Categories: Scienza e Tecnologia

Scimmie: passo avanti nello studio dei cromosomi

Uno studio sui cromosomi delle scimmie ha consentito di fare passi avanti nella ricerca. Per la prima volta sono stati decodificati integralmente i cromosomi X e Y in cinque specie di grandi scimmie, tra cui scimpanzé, bonobo, gorilla, orango e gibbone siamango. Sono le prime sequenze cromosomiche complete di primati non umani, un importante risultato pubblicato sulla rivista Nature.

Lo studio è stato guidato dall’Università Statale della Pennsylvania. I ricercatori hanno evidenziato che dal 62 al 66% dei cromosomi X e dal 75 all’82% dei cromosomi Y sono composti da sequenze ripetitive di Dna. Questa tipologia di sequenze sono molto più difficili da identificare e lo studio del Dna ripetitivo è diventato possibile solo negli ultimi anni, grazie alle nuove tecnologie di sequenziamento.

Come i cromosomi Y umani, anche quelli delle grandi scimmie contengono molti meno geni rispetto all’X, ma i risultati hanno anche svelato una grande variabilità tra le varie specie. Mentre oltre il 90% delle sequenze del cromosoma X delle scimmie corrisponde a quello dell’uomo, dimostrando che questi cromosomi sono rimasti relativamente invariati nel corso di milioni di anni di evoluzione, solo dal 14% al 27% delle sequenze cromosomiche Y delle scimmie si possono allineare a quelle degli esseri umani.

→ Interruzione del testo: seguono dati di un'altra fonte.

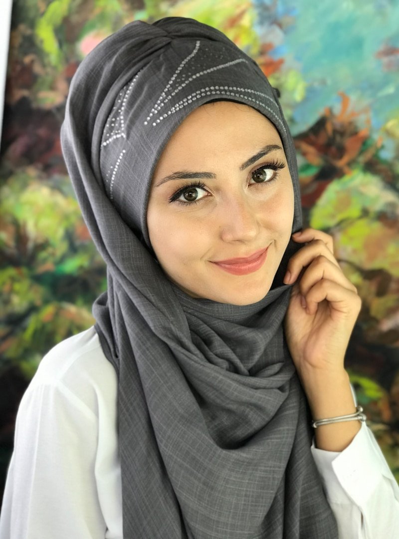 BUTİK AMBAR Füme Pul Baskılı Hazır Şal
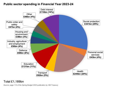 The NHS directly employs 2 million people and over 6 million work in the public sector (including the NHS). The scale of Government operations is vast. Of the roughly £1.3 trillion spent every year, the NHS makes up £250 billion.

“L’entità delle differenze tra i cromosomi Y di queste specie è stata molto sorprendente. Alcune di queste specie si sono discostate dalla linea umana solo 7 milioni di anni fa, il che non è molto tempo in termini di evoluzione. Ciò dimostra che i cromosomi Y si stanno evolvendo molto velocemente”, commenta Kateryna Makova, coordinatrice della ricerca. In particolare, ciò è dovuto al fatto che il cromosoma Y ha una probabilità molto maggiore di essere riorganizzato e di subire duplicazioni del suo materiale genetico. Questo cromosoma sessuale, infatti, sfrutta la ridondanza genetica, cioè la presenza di più copie dello stesso gene sullo stesso cromosoma, in modo che le copie intatte possano compensare quelle che invece acquisiscono mutazioni.

Secondo i ricercatori, tra i fattori che contribuiscono a questa rapidissima evoluzione del cromosoma Y c’è il fatto che, in genere, ne esiste uno solo per cellula, il che porta ad accumulare modifiche nella sequenza del Dna. Inoltre, rispetto alla produzione di cellule uovo femminili, quella di spermatozoi comporta una maggiore replicazione del Dna e a ogni replicazione c’è la possibilità di subire cambiamenti: ciò colpisce tutti i cromosomi, ma ha un impatto particolare sull’Y. Infine, bisogna anche tener presente che questi animali hanno ormai popolazioni molto ridotte e che solo gli individui di sesso maschile sono portatori del cromosoma Y, un fattore che può influenzare ulteriormente i tassi evolutivi.
Perché è importante questo studio? Poiché queste specie sono vicine agli esseri umani, i dati raccolti svelano preziose informazioni anche sulla nostra evoluzione, aiutano a comprendere le malattie legate ai geni presenti su questi cromosomi e possono anche aiutare a proteggere in maniera più efficace questi animali in pericolo.